--- SUPPLIED MATERIAL ---

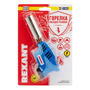 Газовая горелка-насадка REXANT GT-20 с пьезоподжигом. Отличается от аналогичных горелок в модельном ряду Rexant строением форсунки. Благодаря наличию пьезоподжига, такой горелкой удобно пользоваться одной рукой. Рекомендуется для работы с термоусаживаемыми трубками, перчатками, муфтами; для плавления и сварки изделий из пластиков и стекла; удаления краски; обработки поверхностей на производстве и в лабораторных условиях; для разморозки замков, водопроводных труб, продуктов; для копчения продуктов или карамелизации десертов; для украшения процесса подачи блюд; для работ в саду и огороде, для быстрого и экологичного поджига дров, угля.
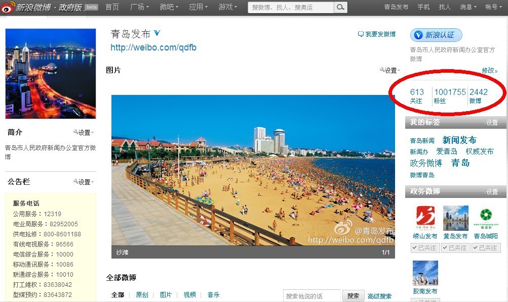 ????截至8月15日下午3時,“青島發(fā)布”已有粉絲1001687人,發(fā)布信息2442條,信息轉(zhuǎn)發(fā)總量近12萬次,評論3萬多條。????
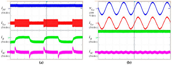 Experimental results. (a) PV current, grid current, battery and supercapacitor current for a cyclic injected power reference operation. (b) Grid voltage, grid current, battery and supercapacitor current for steady state operation.
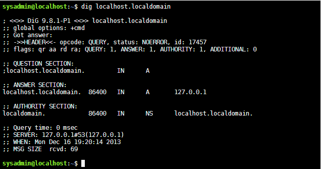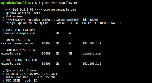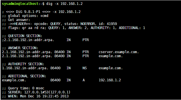 Notice the output shows that the first nameserver that was listed in the/etc/resolv.conf file is the one that responded with the answer in the ANSWER SECTION of the output.
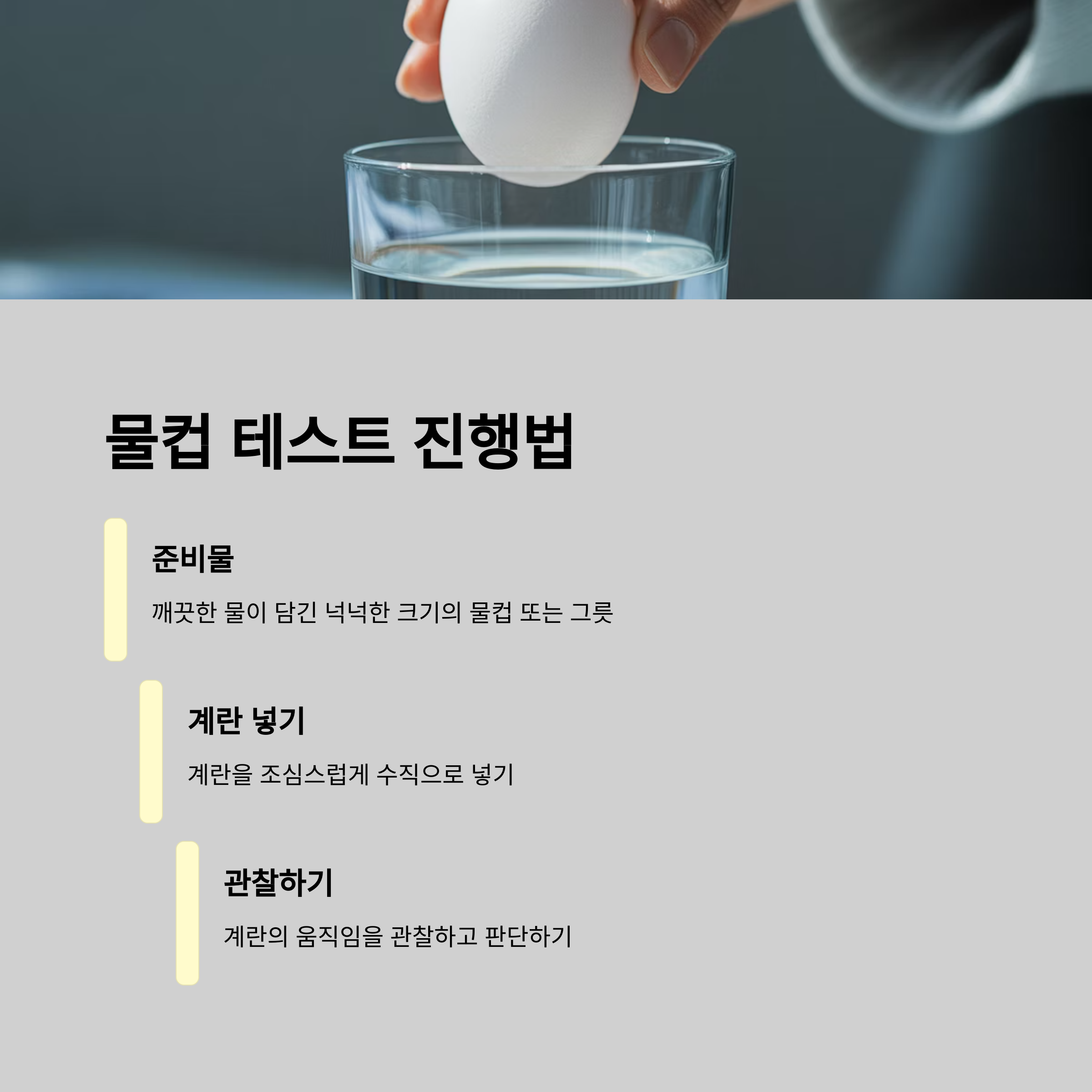 | 물에 뜬다 | 상한 계란 (3주 이상), 섭취 금지 |
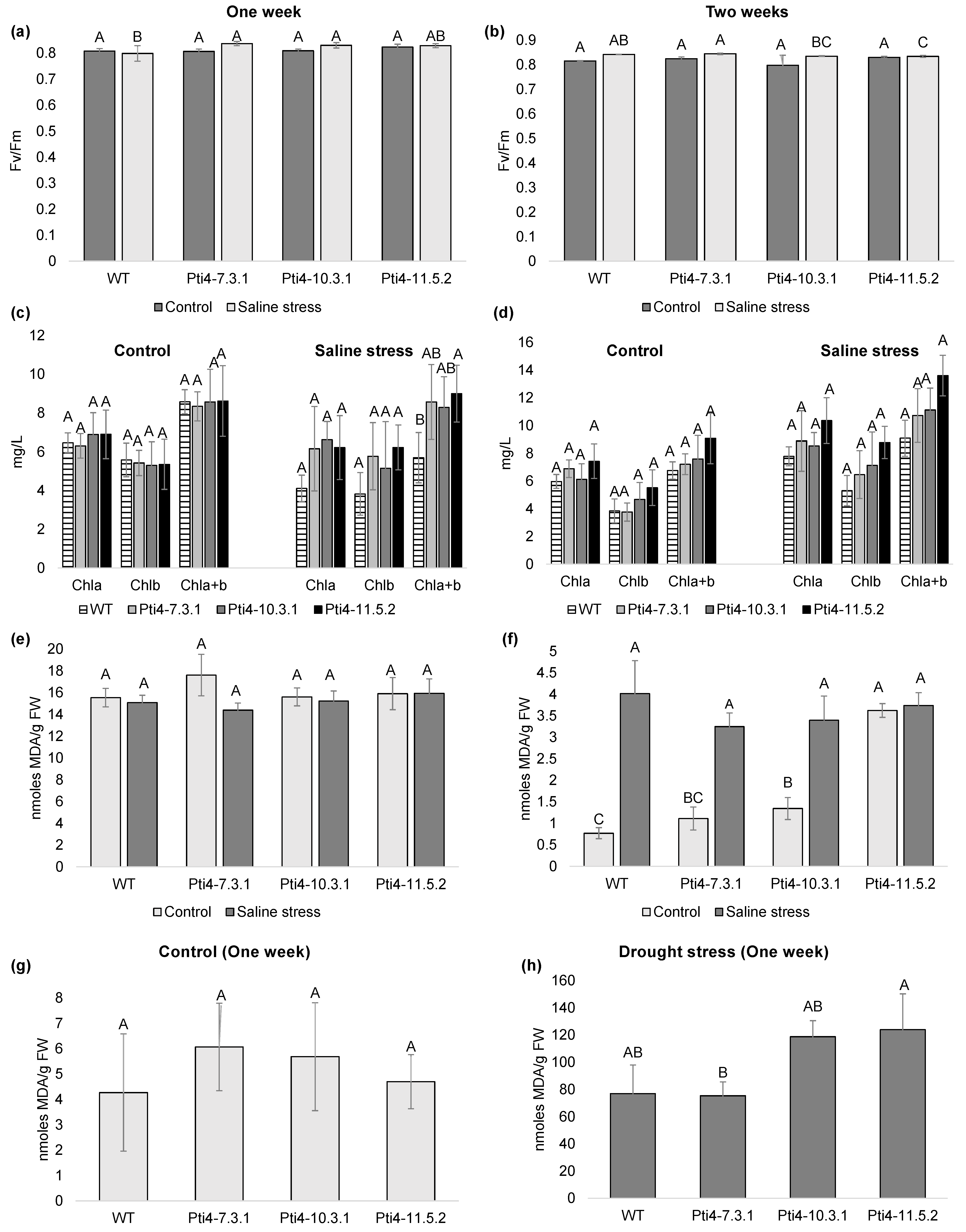2.7.2. Effect of Stress Tolerance in Tobacco Plants

---

◆ **EXERCISE AIM**
Now transcribe all the entries above exactly, so that no picture is carried over.

◆ **WRITTEN ANSWER**
 Газовая горелка-насадка REXANT GT-20 с пьезоподжигом. Отличается от аналогичных горелок в модельном ряду Rexant строением форсунки. Благодаря наличию пьезоподжига, такой горелкой удобно пользоваться одной рукой. Рекомендуется для работы с термоусаживаемыми трубками, перчатками, муфтами; для плавления и сварки изделий из пластиков и стекла; удаления краски; обработки поверхностей на производстве и в лабораторных условиях; для разморозки замков, водопроводных труб, продуктов; для копчения продуктов или карамелизации десертов; для украшения процесса подачи блюд; для работ в саду и огороде, для быстрого и экологичного поджига дров, угля.
 ????截至8月15日下午3時,“青島發(fā)布”已有粉絲1001687人,發(fā)布信息2442條,信息轉(zhuǎn)發(fā)總量近12萬次,評論3萬多條。????
 Experimental results. (a) PV current, grid current, battery and supercapacitor current for a cyclic injected power reference operation. (b) Grid voltage, grid current, battery and supercapacitor current for steady state operation.
 Notice the output shows that the first nameserver that was listed in the/etc/resolv.conf file is the one that responded with the answer in the ANSWER SECTION of the output.
 | 물에 뜬다 | 상한 계란 (3주 이상), 섭취 금지 |
2.7.2. Effect of Stress Tolerance in Tobacco Plants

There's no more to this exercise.